Maximum Entropy Principle

Note that the Boltzmann distribution is often derived from Maximum Entropy Principle. That is,

\[\begin{aligned} &\max_{\mathbf{p}} H(\mathbf{p})\\ \textrm{s.t.}& \sum_i p_i = 1\\ & \sum_i \epsilon_i p_i = E/N = \langle \epsilon \rangle_{\mathbf{p}} \end{aligned}\]

This implies that physical representation in our experiment is just the best estimates we could infer based on the information available. Intuitively, the uniform distribution is perfectly random and thus perfectly unpredictable; more predictable distributions should carry less information.
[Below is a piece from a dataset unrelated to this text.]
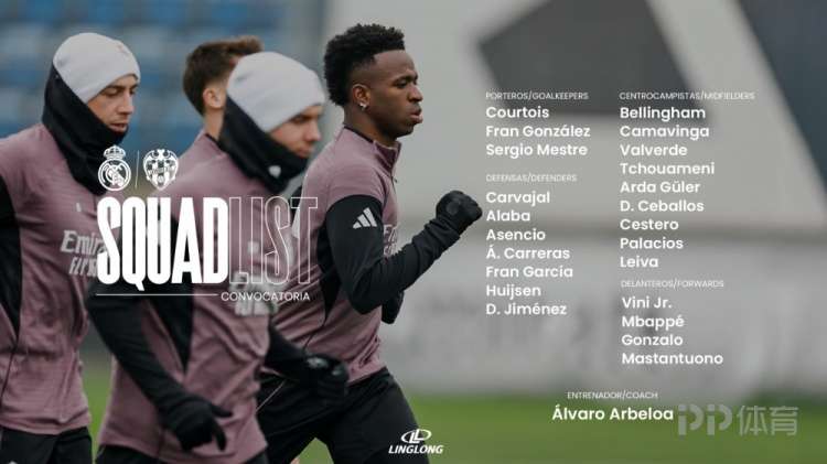 北京时间1月17日21:00,2025-26赛季西甲联赛第20轮,皇马将坐镇主场迎战莱万特。赛前,皇马官方公布球队大名单,姆巴佩在列。

With this in mind, the Principle of Maximum Entropy can further be interpreted as choosing a distribution that is as uniform as possible subject to the given constraints.

For example, how can we interpret Gaussian distribution?

Gaussian distribution from maximum entropy

Gaussian distribution is used everywhere. But why? Other than its nice and useful mathematical properties, I had not been quite convinced (e.g., what is its physical meaning?), but here is its connection with entropy:

Gaussian distribution is the distribution with maximum entropy given the constraints of a fixed mean and variance.

Suppose $X$ is a continuous random variable with probability density $p(x)$. Then we can define differential entropy of $X$ as:

\[H(X) = - \displaystyle\int p(x) \log p(x) dx\]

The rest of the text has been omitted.